O comando do PSDB decidiu buscar uma alternativa para recompor o palanque no Distrito Federal para o pré-candidato do partido à sucessão presidencial, o governador José Serra (São Paulo).

Como o escândalo de corrupção inviabilizou a tentativa de reeleição do governador do DF, José Roberto Arruda (sem partido), e a perda de palanque do DEM (partido ao qual ele era filiado), uma das saídas seria uma aliança com o PDT. A ideia é aproveitar que os pedetistas estão rachados sobre a candidatura ao Planalto da petista da ministra da Casa Civil, Dilma Rousseff.

Oficialmente o senador Cristovam Buarque (PDT) nega a intenção de disputar o governo do Distrito Federal e reforça os planos de concorrer à reeleição no Senado.

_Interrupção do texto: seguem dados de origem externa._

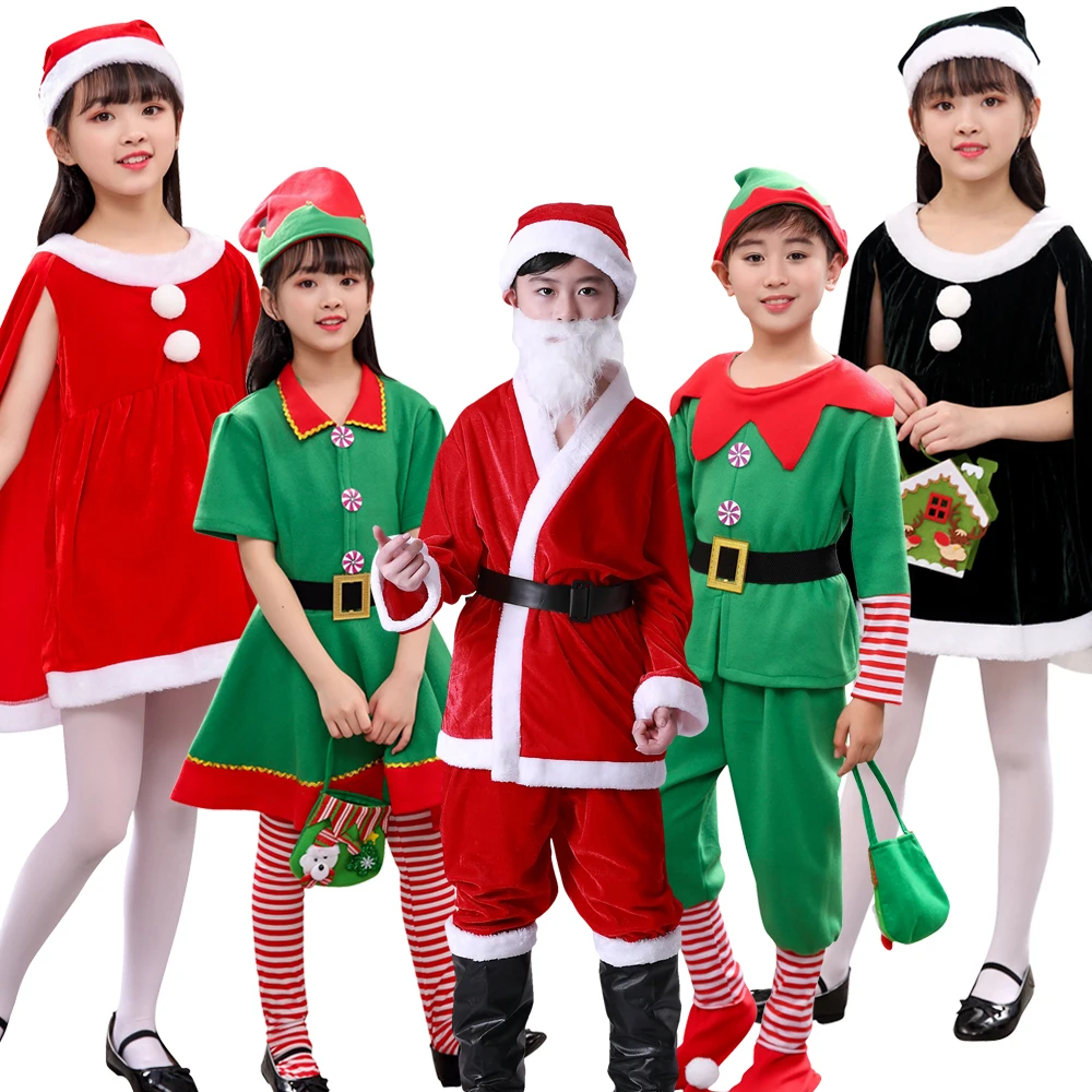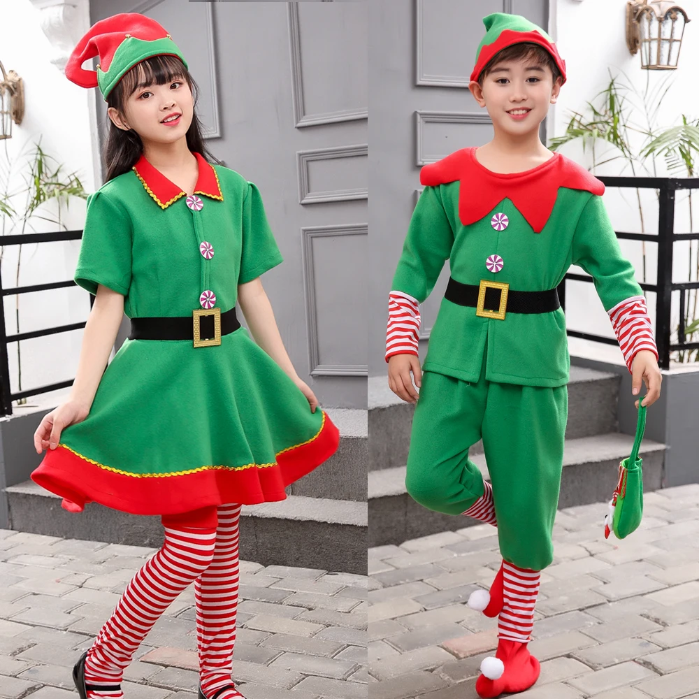 2020 изумрудно-зеленым, бело-серые штаны для девочек с рождественским изображением фестиваля костюмов с изображением Санта Клауса, для девочек; Новинка год Детский костюм необычное рождественское платье вечерние платья

A cúpula do PSDB, no entanto, pretende conversar com Buarque ainda neste mês sobre a eleição no Distrito Federal. "O Serra não tem que conversar comigo. Sou amigo dele e jamais vou me negar a conversar, mas negociar com ele não tem como. Ele tem que negociar com o PDT. Eu continuo com a disposição de ser candidato ao Senado", afirma Cristovam Buarque.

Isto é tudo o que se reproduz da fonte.